There have been numerous proposed theories regarding the mechanism by which varicocelectomy improves impaired fertility in men. Goldstein et al demonstrated that intra-testicular temperatures were elevated in men with a varicocele compared to men without varicocele.16 Men exposed to heat stress and even elevated fevers have demonstrated significant impairment of semen parameters,17 thus perhaps persistent elevated temperatures, secondary to varicocele, could impair spermatogenesis. More recently, several studies have suggested that the congestion of venous blood results in much higher concentration in the testicles of reactive oxygen species (ROS) – a byproduct of many metabolic pathways including mitochondrial respiration.18,19 These elevations in ROS can result in DNA fragmentation and thus impair replication necessary for spermatogenesis.20,21 Elevated ROS has also been shown to impair testosterone production from Leydig cells.22 This theory is further supported by studies demonstrating that DNA fragmentation appears to improve following varicocelectomy.23 Lastly, some evidence supports a theory that venous stasis impairs arterial flow to the testicle, resulting in hypoperfusion, stasis of blood, impaired intratesticular hemodynamics, and toxin accumulation.24,25 Researchers have found that both hypoxia-inducible factor-1alpha (a marker of hypoxia) and Bcl-2 (an anti-apoptotic protein) were expressed in higher concentrations in testicular venous samples from patients with clinical varicoceles compared to controls.26 Further evidence of hypoxia and testicular injury was shown in a recent study that demonstrated elevated levels of apoptotic-associated microRNA in seminal fluid of men with varicoceles compared to men without varicocele.27 Overall it is likely that the pathology seen as a result of varicoceles is a combination of these various insults.
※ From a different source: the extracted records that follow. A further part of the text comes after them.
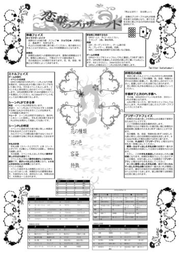 恋華のプリザーブド - desktheory - BOOTHトランプ一組と筆記用具、参加者が集まれば遊べるゲームです。 GMはいても居なくてもOK.ルールシートの中央が妖精花シート、四隅がPLシートになっているよ。妖精花を育成し、美しい姿のまま永遠を与える会話型ロール…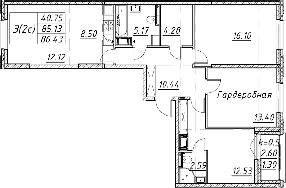 • Площадь86,43 м2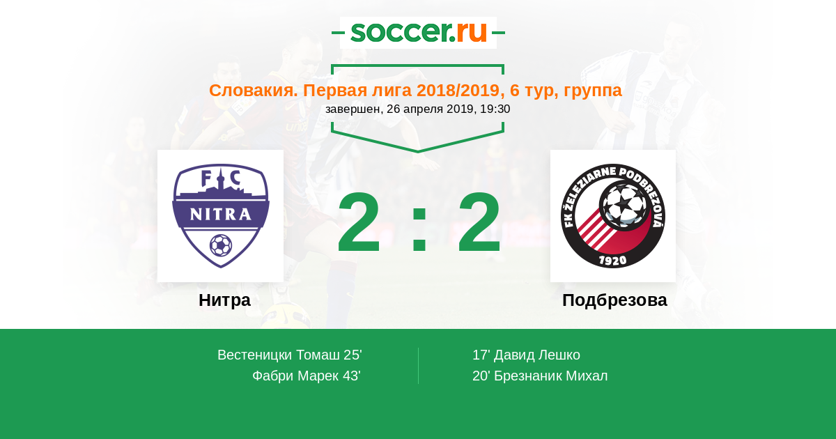 Протокол матча Нитра против Подбрезова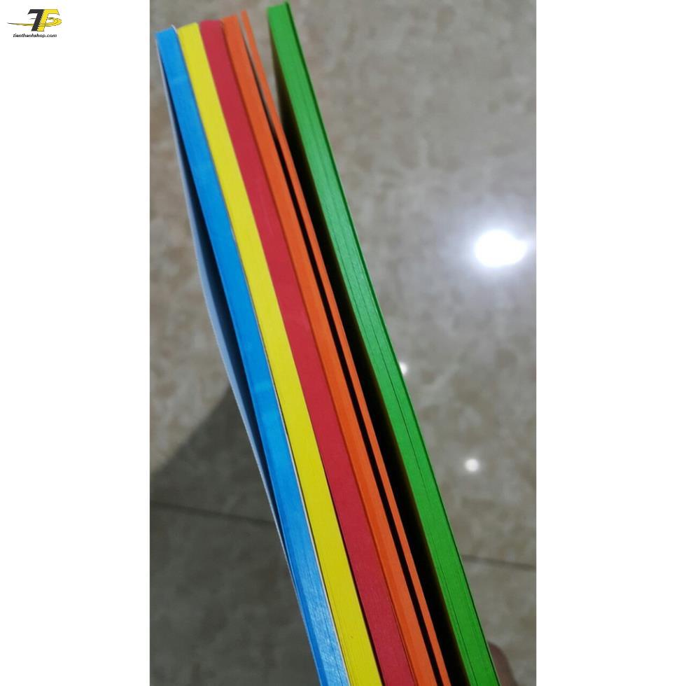 100 tờ Bìa màu đặc biệt Pgrand A4/180gsm (trộn 5 màu) Xấp có 5 màu như hình Dùng đóng sách, chất lượng bề mặt giấy trơn, mịn chống kẹt giấy khi in, photo. Giấy có nhiều màu lựa chọn: Hồng, Vàng, Xanh lá, Xanh dương Đóng gói: 100 tờ/xấp *Khách vui lòng ghi chú màu kh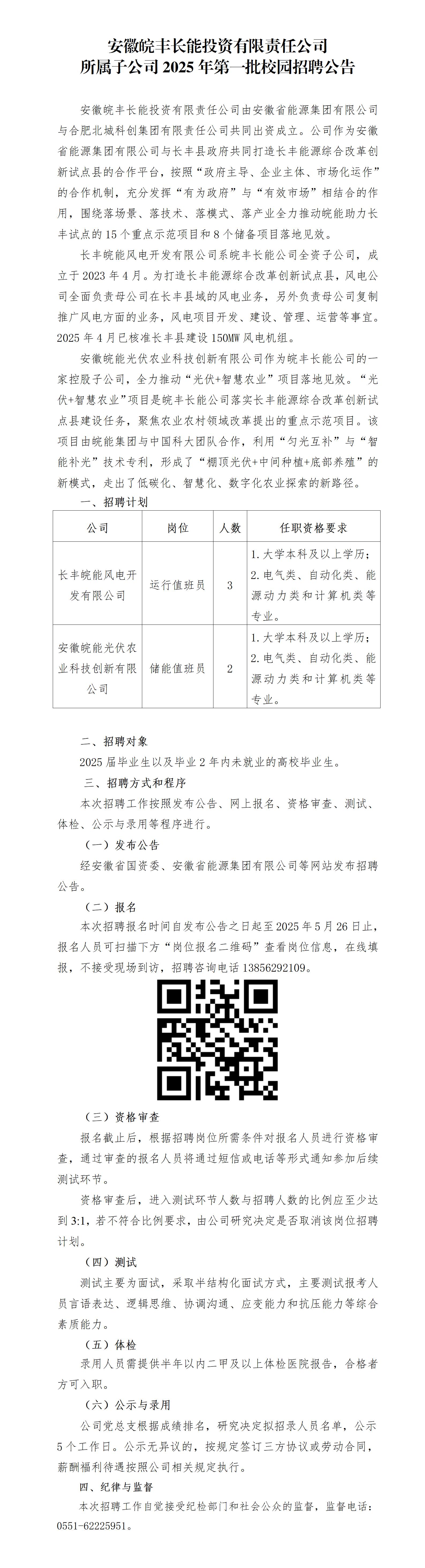 2025年安徽皖豐長(zhǎng)能投資有限責(zé)任公司所屬子公司第一批校園招聘公告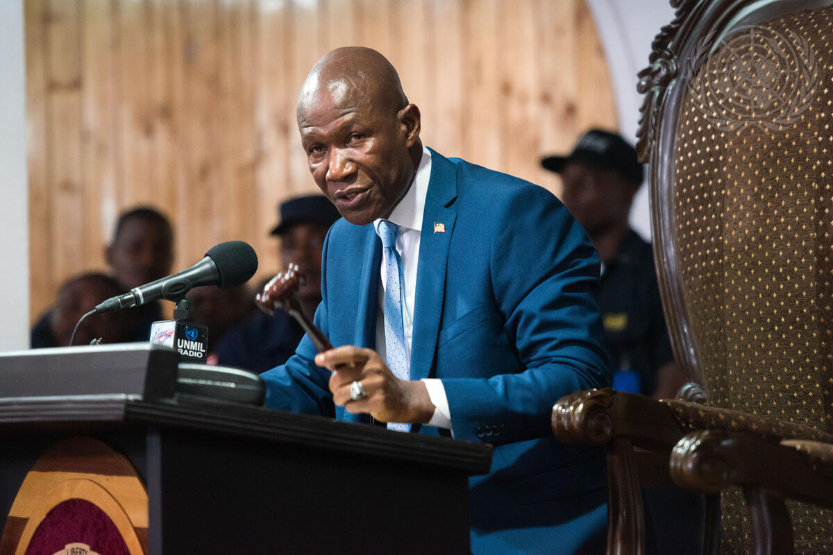 Bhofal Chambers, newly-elected speaker of the Liberian House of Representatives, chairs the first session.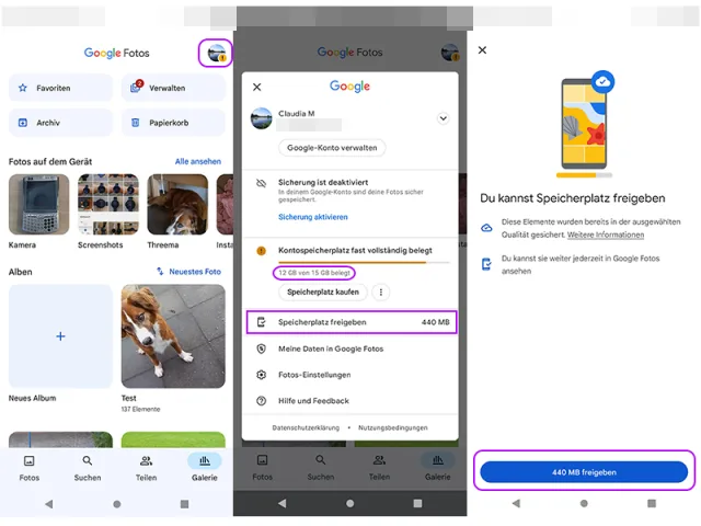 - Tippen Sie in Google Fotos auf das Google-Konto-Symbol.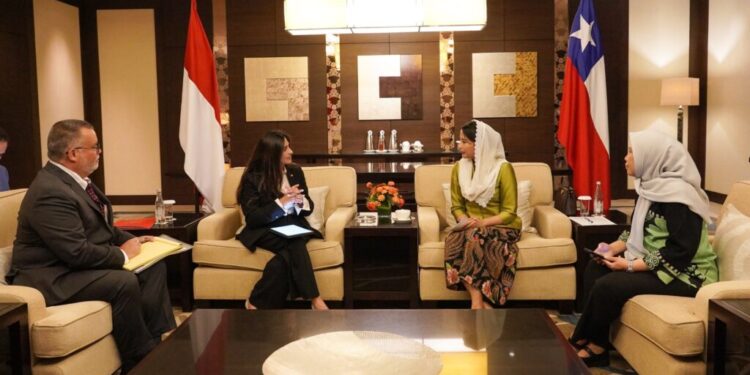 Jakarta – Wakil Menteri Perdagangan RI, Dyah Roro Esti melakukan pertemuan bilateral dengan Wakil Menteri Perdagangan Cile, Claudia Sanhueza di Jakarta, Senin (8 Sep).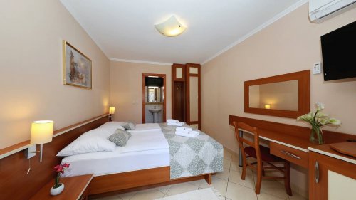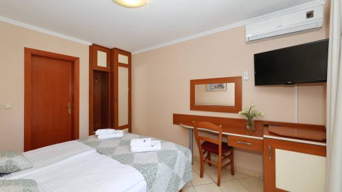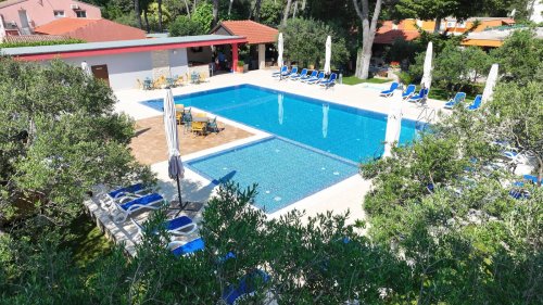 pokoje v kamenných bungalovech s malou terasou a posezením. Dvoulůžkové pokoje standard a superior (větší) s možností 3. a 4. lůžka/ přistýlky (4. lůžko může být vysunovací), s koupelnou a WC, TV, wifi a klimatizací, nad rámec obsazenosti lze dítě do 3,9 let bez lůžka zdarma na vyžádání. Na vyžádání propojené pokoje pro 4 osoby a rodinné pokoje mají 2 ložnice (lze pro 4+2 osoby).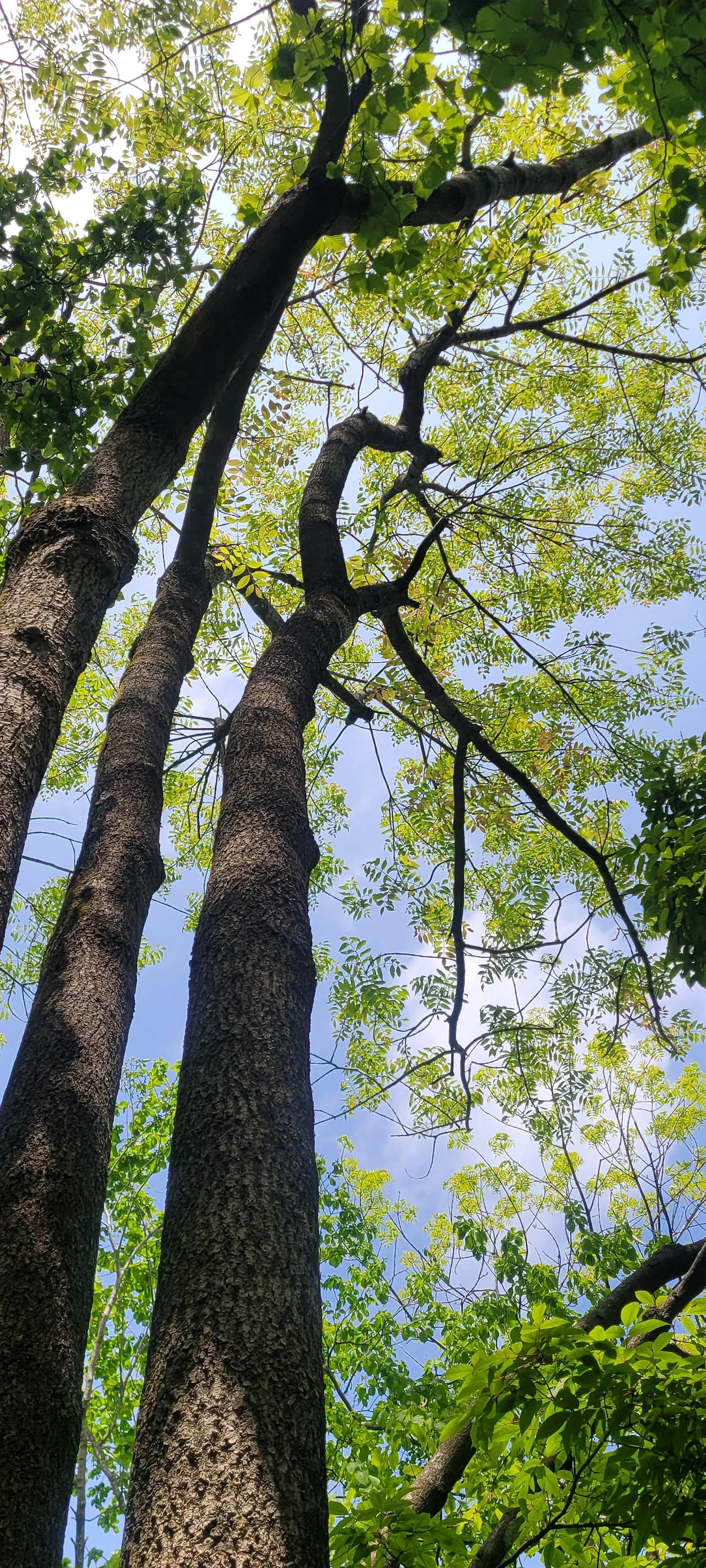 산길 초입에 키다리 낙우송이 우리를 반긴다. 완만하고 잘 정돈된 흙길이라 걷는 느낌이 산뜻하다. 한동안 기온이 치솟아 여름 같은 날이 지속되더니 오늘은 구름이 잔뜩 끼고 쌀쌀한 느낌마저 있다. 화창하면 좋겠지만 흐린 날도 걷기에 나쁘지 않다. 서늘한 날이지만 바람막이를 벗어버리고 반팔 티만 입었다. 아침 바람이 차갑지만 이는 순간이다. 산을 걷다 보면 바로 체온이 올라 몸에 열이 난다.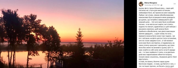 У своєму фейсбуці українська продюсерка Олена Мозгова, пригадала, як сильно страждала від хвороби Лайма. Її мучили нестерпні болі й параліч м’язів. Знеболювальне допомагало лише на короткий час, а вживати його не можна було часто.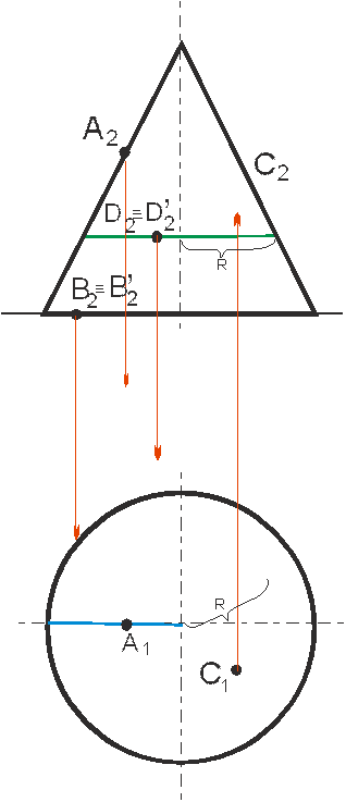 Рассмотрим построение проекций точек, принадлежащих поверхности конуса (рис.2), когда одна проекция точки задана. Проекция А2 принадлежит очерковой образующей, следовательно проекция А1 строится переносом по линии связи. На фронтальной проекции основания конуса расположена проекция точки В2, горизонтальных проекций можно построить две, на передней и задней стороне конуса, поэтому рассматриваем конкурирующие точки В и В`. На фронтальной проекции конуса зададим проекцию точки D2 и D2`.Для того чтобы построить вторые горизонтальные проекции точек необходимо использовать вспомогательные линии: параллель или образующие. Воспользуемся параллелью, для построения горизонтальной проекции параллели, радиусотмеряется всегда от оси вращения до очерковой образующей. Для построения фронтальной проекции точки С использована образующая, которую провели через заданную проекцию. Положение образующей на основании отмечено крестиком.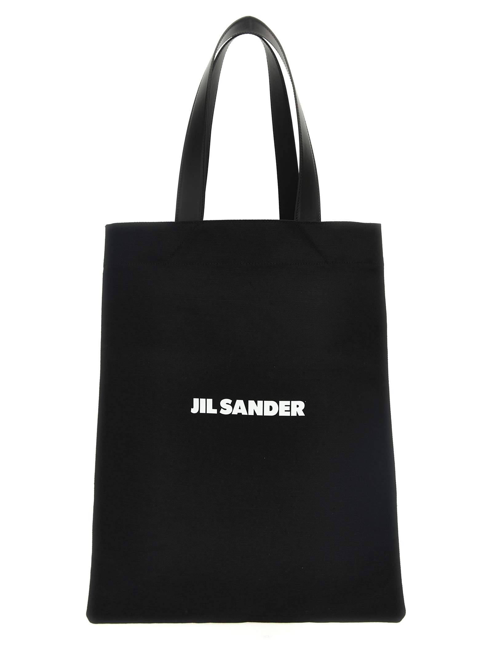 ‘Flat Shopper’ canvas shopping bag with leather handles, logo print.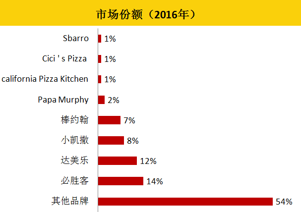 截止到2016年,46%的美国比萨市场份额集中在几大比萨公司的手中。虽然占据着最大的市场份额,但是这几大品牌的未来却不尽相同。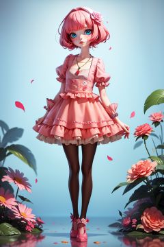 <lora:tifa_20230927100217:0.9>,LU,1girl,pink hair,blue eyes,flower,solo,dress,short hair,necklace,jewelry,rose,standing,pantyhose,full body,bird,feathers,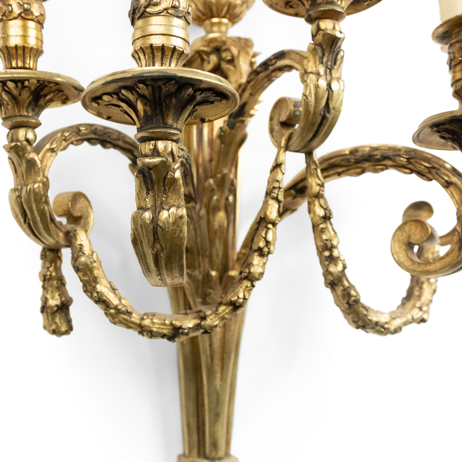 PAIR of French Louis XVI-style (19/20th Century) bronze dore wall sconces with five arms, festoon design, and finial tops with ram heads (PRICED AS PAIR)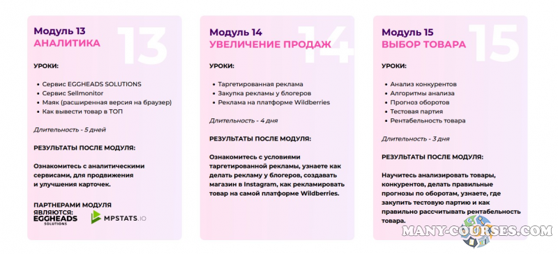 Автор курса: Лиза Никонорова, Олеся Борисова Категория: Бизнес, менеджмент, продажи / Wildberries Дата выхода: 2022 Продажник от автора: Перейти Цена у автора: 1000 P

Following varicocelectomy, semen parameters generally take about 6 months to improve. While varicocelectomies generally do not completely restore a man to normozoospermia, often the procedure can improve semen parameters to a degree that men can undergo a trial of intrauterine insemination (IUI) when previously sperm counts would only qualify men for in vitro fertilization (IVF) or intracytoplasmic sperm injection (ICSI).28–31 This opportunity to achieve sperm counts sufficient to trial IUI (often a total motile sperm count >5 million motile sperm) implies that varicocelectomy surgery is often cost-effective; however, several meta-analyses have also suggested that varicocelectomies in azoospermic and severely oligospermic men can improve the success rate when IUI, IVF, and ICSI are performed.32,33
In this review, we will discuss the available literature to determine the effect of surgical correction of a clinical varicocele on pregnancy rates in couples undergoing assisted reproductive technology and IUI treatments.
Methods
A literature review was performed in MEDLINE and EMBASE using terms related to varicocele (varicocele, varicocelectomy, varicocele repair, varicocele treatment, varicocele correction) and assisted reproductive technology (assisted reproductive technology, intrauterine insemination, IUI, in vitro fertilization, IVF, intracytoplasmic sperm injection, ICSI). All article types were included. Searches were performed by limiting the language only to English.
Impact of Varicocelectomy on Intrauterine Insemination Outcomes
Three studies have examined the effect of IUI after varicocelectomies. The first of these studies was published in 1992 by Marmar et al. In this retrospective cohort study of 71 infertile men, 52 men underwent surgical correction of ultrasound-confirmed varicocele and 19 men did not undergo surgical correction.34 Couples included in the study had experienced on average 42 months of infertility. Those undergoing surgical correction went on to perform 145 IUI cycles with only 4 resultant pregnancies (2.8% pregnancy per cycle rate). Rates of IUI success were similar in those who did not undergo surgical correction – 19 men underwent 50 IUI cycles with only 2 resultant pregnancies (4%), p=0.64. Of the 6 pregnancies across both groups, 5 live births and one spontaneous abortion resulted (though authors did not specify which group experienced this spontaneous abortion). One significant limitation of this study is the very low pregnancy rates, as IUI cycles were performed without female ovarian stimulation. This study suggests that varicocelectomy does not significantly impact pregnancy rates of those undergoing IUI.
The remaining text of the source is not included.